Hipotesis lain yang sering disebut adalah neuraminidase yang dihasilkan
oleh Streptokokus, merubah IgG menjadi autoantigenic. Akibatnya, terbentuk
autoantibodi terhadap IgG yang telah berubah tersebut. Selanjutnya terbentuk
komplek imun dalam sirkulasi darah yang kemudian mengendap di ginjal.
Streptokinase yang merupakan sekret protein, diduga juga berperan pada
terjadinya GNAPS. Sreptokinase mempunyai kemampuan merubah plaminogen
menjadi plasmin. Plasmin ini diduga dapat mengaktifkan sistem komplemen
sehingga terjadi cascade dari sistem komplemen.
Pola respon jaringan tergantung pada tempat deposit dan jumlah kompleks
yang dideposit. Bila terutama pada mesangium, respon mungkin minimal, atau
dapat terjadi perubahan mesangiopatik berupa ploriferasi sel-sel mesangial dan
matrik yang dapt meluas diantara sel-sel endotel dan membran basalis,serta
menghambat fungsi filtrasi simpai kapiler. Jika kompleks terutama terletak
subendotel atau subepitel, maka respon cenderung berupa glomerulonefritis
difusa, seringkali dengan pembentukan sabit epitel. Pada kasus penimbunan
kronik komplek imun subepitel, maka respon peradangan dan proliferasi menjadi
kurang nyata, dan membran basalis glomerulus berangsur- angsur menebal
dengan masuknya kompleks-kompleks ke dalam membran basalis baru yang
dibentuk pada sisi epitel.
Mekanisme yang bertanggung jawab terhadap perbedaan distribusi deposit
kompleks imun dalam glomerulus sebagian besar tidak diketahui, walaupun
demikian ukuran dari kompleks tampaknya merupakan salah satu determinan
utama. Kompleks-kompleks kecil cenderung menembus simpai kapiler,
mengalami agregasi, dan berakumulasi sepanjang dinding kapiler do bawah epitel,
sementara kompleks-kompleks berukuran sedang tidak sedemikian mudah
menembus membran basalis, tapi masuk ke mesangium. Komplkes juga dapat
berlokalisasi pada tempat-tempat lain.
Jumlah antigen pada beberapa penyakit deposit kompleks imun terbatas,
misal antigen bakteri dapat dimusnahkan dengan mekanisme pertahanan penjamu
atau dengan terapi spesifik. Pada keadaan demikian, deposit kompleks-kompleks
imun dalam glomerulus terbatas dan kerusakan dapat ringan danberlangsung
singkat, seperti pada glomerulonefritis akut post steroptokokus.

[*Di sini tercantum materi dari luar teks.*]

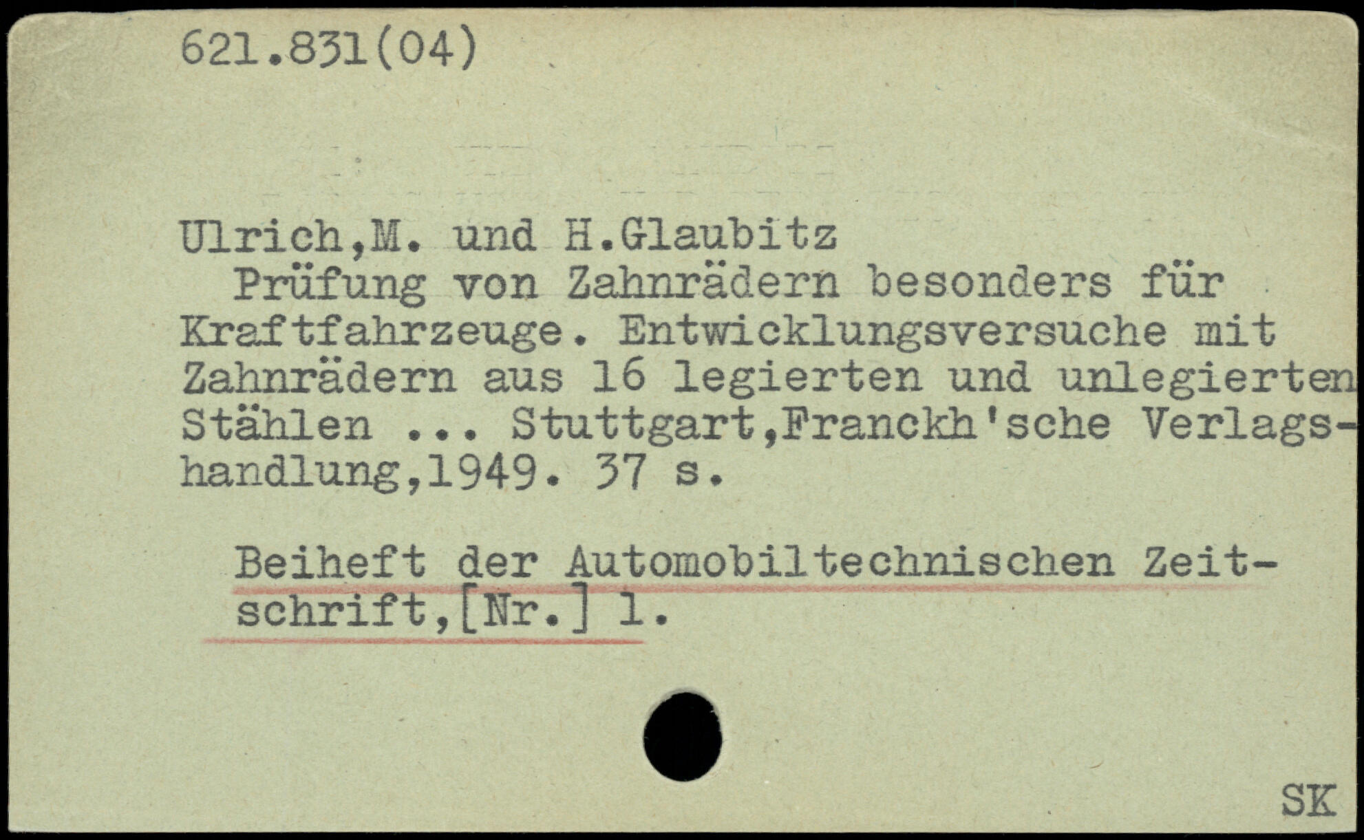 Prüfung von Zahnrädern besonders für Kraftfahrzeuge. Entwicklungsversuche mit Zahnrädern aus 16 legierten und unlegierten Stählen ... Stuttgart,Franckh'sehe Verlagshandlung, 1949.

Hasil penyelidikan klinis imunologis dan percobaan pada binatang
menunjukkan adanya kemungkinan proses imunologis sebagai penyebab.
Beberapa penyelidik mengajukan hipotesis sebagai berikut :
1. Terbentuknya kompleks antigen-antibodi yang melekat pada membrana
basalis glomerulus dan kemudian merusaknya.
2. Proses auto-imun kuman Streptococcus yang nefritogen dalam tubuh
menimbulkan badan autoimun yang merusak glomerulus.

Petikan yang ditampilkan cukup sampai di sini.